Dissertation/Thesis Abstract

Minimum Disparity Inference for Discrete Ranked Set Sampling Data
by Alexandridis, Roxana, Ph.D., The Ohio State University, 2005, 137; 10834940
Abstract (Summary)

Ranked set sampling (RSS) is a sampling scheme which can successfully replace simple random sampling (SRS) in experimental settings where measuring the units of interest is difficult, expensive, or time consuming, but ranking small subsets of units is relatively easy and inexpensive. Under perfect ranking, the statistical inference based on a RSS data is more efficient than the inference based on a SRS data of equal size. In practice, the ranking process is most likely subject to errors, and the efficiency of the inference decreases with the decrease in the quality of the ranking procedure. Thus, the central issue of a parametric inference is to balance the two ideals: efficiency when the ranking is perfect, and robustness when the ranking is imperfect. Typically there is a trade-off between these two ideals. In order to address this issue, we develop robust statistical inference based on a RSS data from a family of discrete distributions. Our inference relies on minimum disparity functions that measure the distance between the empirical and model distributions. We develop a class of estimators obtained by minimizing disparities between the assumed and empirical models. We show that all minimum disparity estimators are asymptotically efficient at the correct model under perfect ranking. We also show that there exists an estimator within this class, the minimum Hellinger distance estimator, that produces substantially smaller bias than the bias of the maximum likelihood estimator under imperfect ranking.

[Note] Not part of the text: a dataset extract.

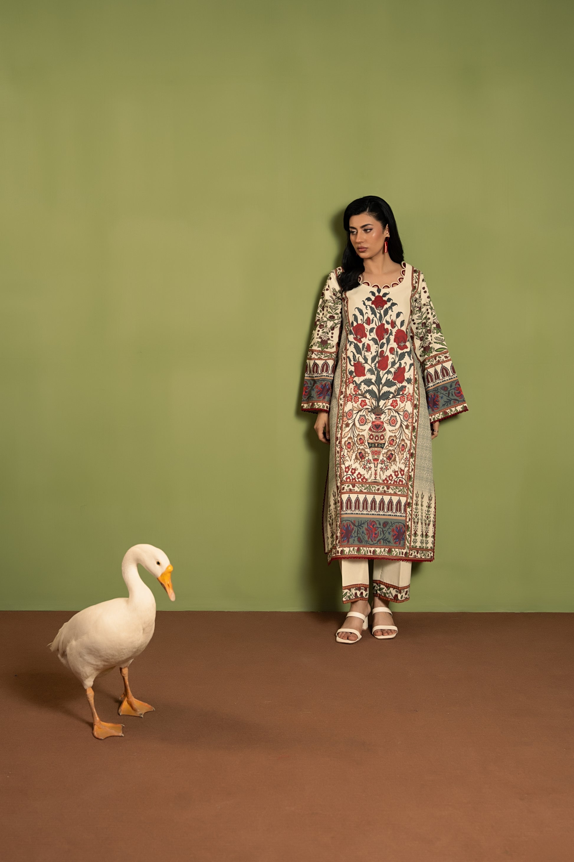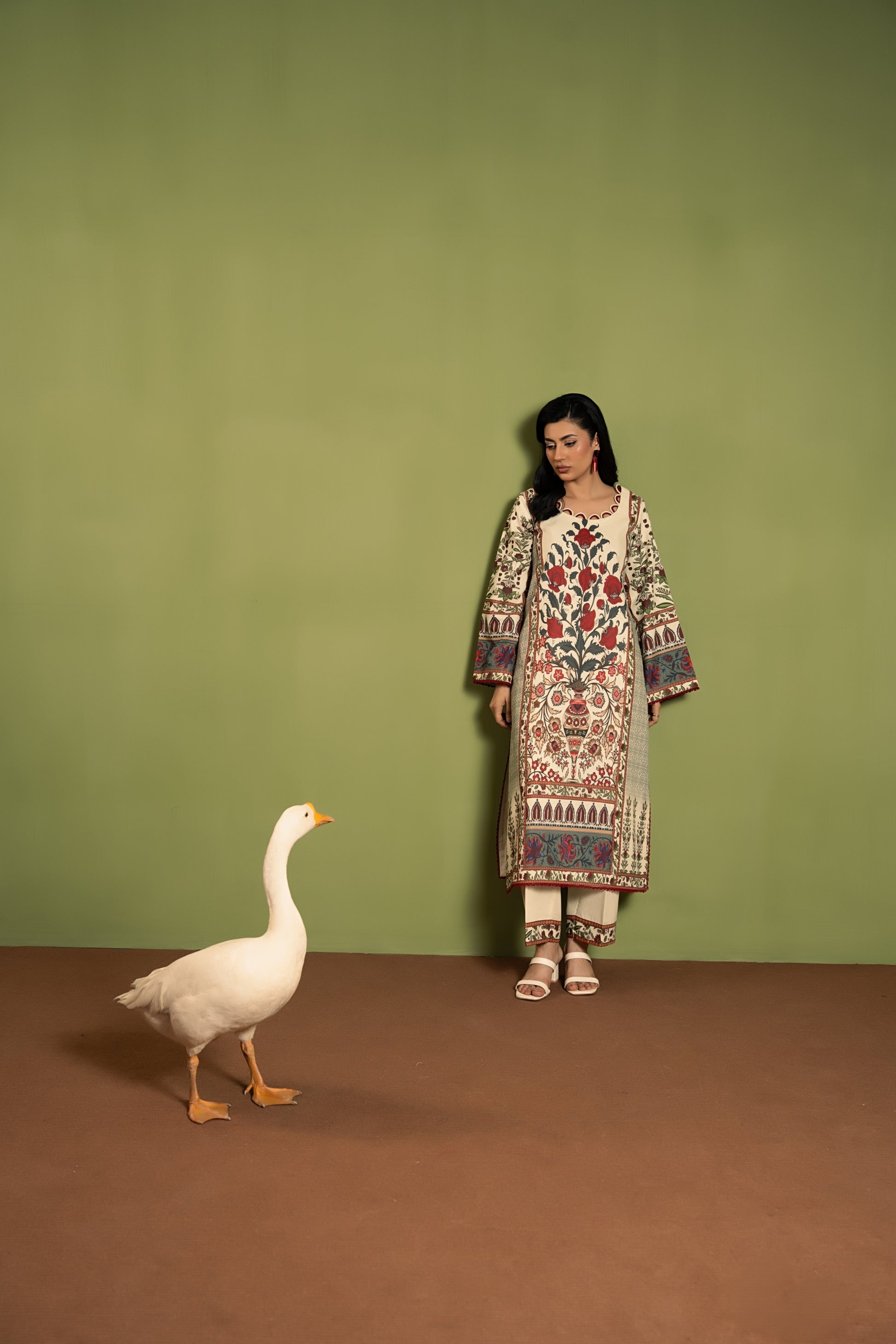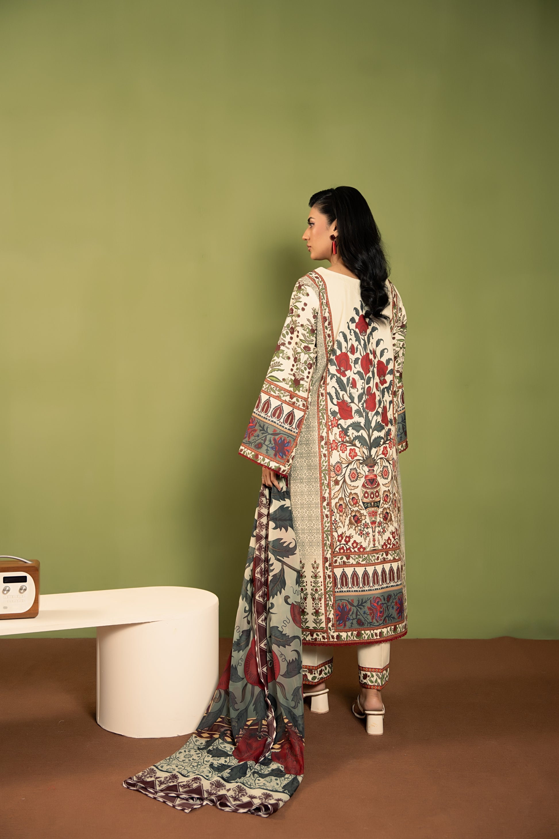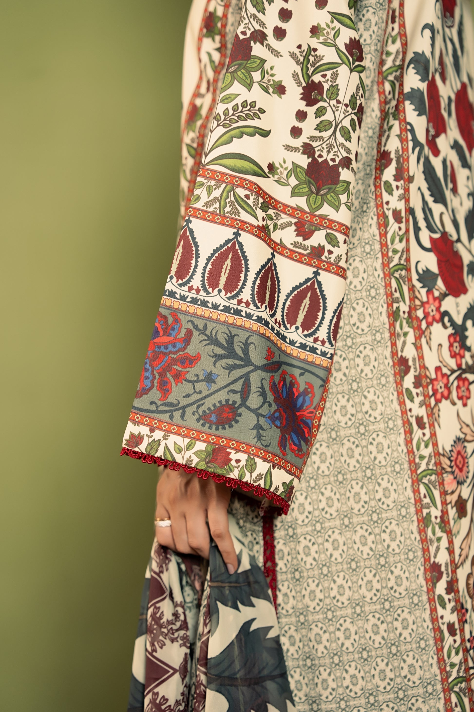 Celebrate classic elegance with this exquisite three-piece printed suit featuring an ivory base enriched with deep crimson and earthy floral motifs. The shirt is beautifully highlighted with an intricately scalloped neckline and artistic botanical patterns, reflecting timeless craftsmanship and cultural heritage.

In addition to robust estimation, we also developed a class of testing procedures, referred to as disparity deviance tests, to test certain hypotheses about the parameters of a family of discrete distributions. We show that under perfect ranking, the disparity deviance tests have the same asymptotic null distribution as the likelihood ratio test. Furthermore, we show that the disparity deviance test based on the Hellinger distance is more stable to imperfect ranking than the likelihood ratio test. We provide finite sample simulation results to evaluate the performance of the proposed procedures.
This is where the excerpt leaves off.